Suppose at age 30, an agent ask you to sign a term policy (that does not accumulate cash value or one that does but the cash values generates very slowly and is not enough to cover for the insurance charges at later years) and it'll cost you RM 100/mth. 10 years later the premium is increased by RM 125/mth and you thought, well its alright cos my agent did mentioned that insurance charges will go up by age.

However, at age 60, the premium shot to RM 200/mth, you'll start cursing the agent for selling you a plan that increases almost 100% from the original amount. Bear in mind at 60 those who is working for people has already retired and have to live with whatever investment/savings that they had accumulated during their working life.

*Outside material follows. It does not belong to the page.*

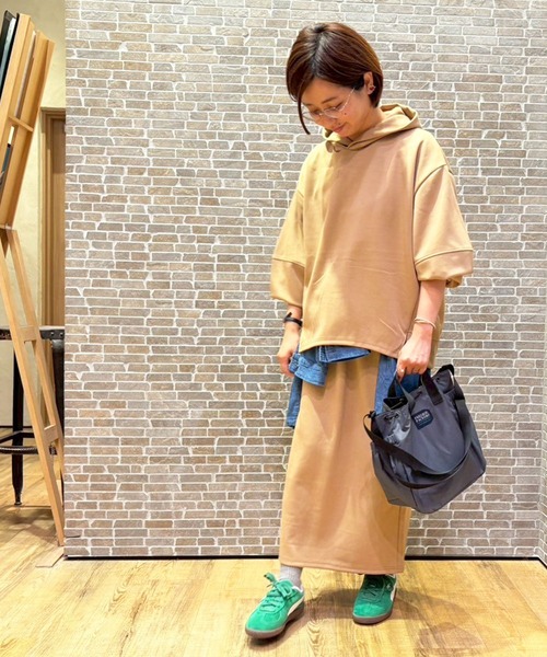 【セット企画】パーカー+スカート ランタンスリーブの袖デザインが入ったパーカーとタイトスカートの日常使いに最適なセットアップです。 軽めのダンボール素材を使っているので、肌触りが良く、柔らかく、着心地が良いのが特徴です。 バラして着用できたり、着用シーズンが長いので1セットあると便利です。 ■point 【トップス】 腕に入った切替えによりシンプルながら気の利いた、ランタンスリーブパーカーに仕上がっています。 左袖口にさりげなくブランドのワンポイント刺繍が入っています。 袖口や裾にリブを使っていないのでベーシックなイメージで着用できます。 【スカート】 タイトなラインですがダンボール素材の伸縮性により、圧迫感なく楽に着用出来ます。 後ろにスリットが入っています。 ■detail 【トップス】 左袖口に配色「gp」刺繍あり 前裾前スリットあり 【スカート】 ウエスト総ゴム 後ろ接ぎ+スリット ポケットあり ■fabric …………………… 透け感:なし 裏地:なし 伸縮性:あり 光沢感:なし 生地の厚さ:中肉 洗濯方法:洗濯機洗い可能 …………………… ※詳しいお手入れ方法は商品タグをご参照ください ■coordinate *バラして着用したり、そのままセットで着用したり自由にコーディネート可能です。

At age 65, the same agent still have to bear the swearing + cursing because the premium now is at RM 300/mth.

2nd Scenario

Term insurance are not as flexible as the ILP product, to the extreme that if you want to increase the medical coverage 10 years later, you're not able to do so. When you want to review, the agent will have to propose another medical plan for you.

I'm not sure if you're aware but older traditional with medical are far more superior in terms of the terms and conditions. For example older plans do cover implants, (implanted pacemaker costs ~RM 43K at a private hospital at Penang) while newer plans as stated by LIAM is to be excluded.

If you get the new plan, you're not covered for implants.

3rd Scenario

Most term insurance have limited riders, the utmost being the waiver of premium if Totally & Permanently Disabled or Critical Illness happens.

As an agent, and most importantly as a human being, wouldn't it be hard if not impossible to go tell the friend that is bedridden due to stroke, with no income that he'll lose his medical cover because he had bought a plan that does not waive if CI!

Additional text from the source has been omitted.